Power-aware Job Scheduling: Maximizing Data Center Performance Under a Strict Power Budget
Charm++ Workshop 2014
Publication Type: Talk
Repository URL:
Building future generation supercomputers while constraining their power consumption is one of the biggest challenges faced by the HPC community. For example, US Department of Energy has set a goal of 20 MW for an exascale supercomputer. To realize this goal, a lot of research is being done to revolutionize hardware design to build power efficient computers and network interconnects. In this work, we propose a software-based online resource management system that leverages hardware facilitated capability to constrain the power consumption of each node in order to judicially allocate power and nodes to a job.

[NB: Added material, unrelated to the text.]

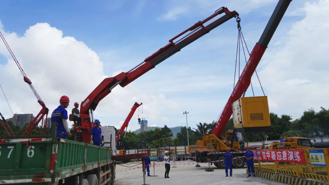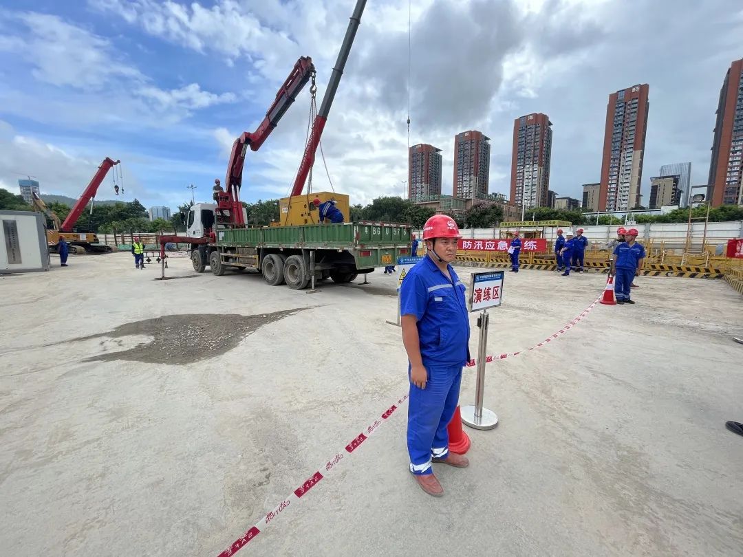 現場,前海建投集團和中鐵隧道(dào)局聯合應急搶險救援隊負責實施演練。演練以前海某項目發(fā)生突發(fā)事(shì)件,聯合應急搶險救援隊出動救援爲背景,重點演練防汛(供電系統布設、積水抽排)、防觸電(封閉警戒、心肺複蘇)、防中暑(受限空間内吊運傷者、中暑急救措施)等項目。本次演練共計30餘人參演,共出動随車吊、汽車吊、發(fā)電機、配電箱、潛水泵等應急設備、物資50餘件。在前海建投集團的協調指揮下,各相關單位及各應急小組密切合作、協同作戰,有效控制了各項險情,圓滿完成(chéng)應急搶險任務。
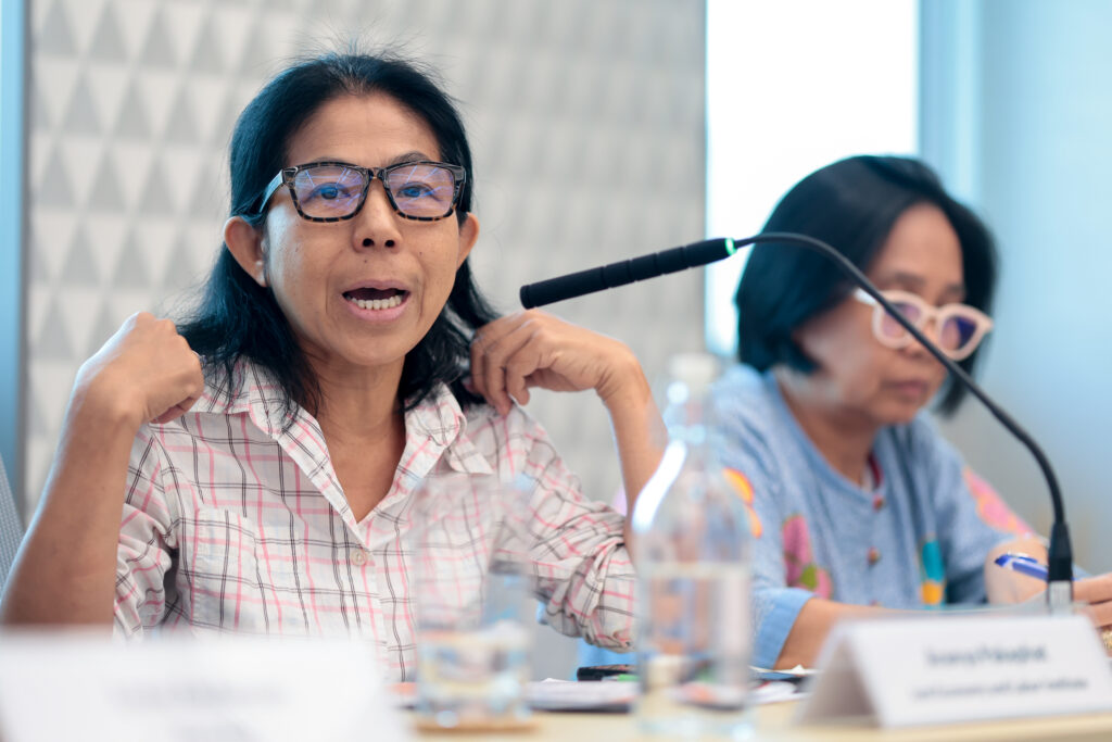 Aranya Pakaphat, representing JELI, joined the discussion panel titled “Finance & Climate Justice: Investment, Changing Employment, Workers’ Rights, and Social Protection” alongside Sawit Kaewwan from the Thai Labour Solidarity Federation and Nitirut Sapsomboon from WeFair.

Our scheme uses this hardware capability in conjunction with an adaptive runtime system that can dynamically change the resource configuration of a running job allowing our resource manager to re-optimize allocation decisions to running jobs as new jobs arrive or a running job terminates. We also propose a performance modeling scheme that estimates the essential power characteristics of a job at any scale. The proposed online resource manager uses these performance characteristics for making scheduling and resource allocation decisions that maximize the job throughput of the supercomputer under a given power budget. We demonstrate the benefits of our approach by using a mix of jobs with different power-response characteristics. We show that with a power budget of 4.75 MW, we can obtain up to 5.2X improvement in job throughput when compared with the SLURM baseline scheduling policy. We corroborate our results with real experiments on a relatively small scale in which we obtain a 1.7X improvement.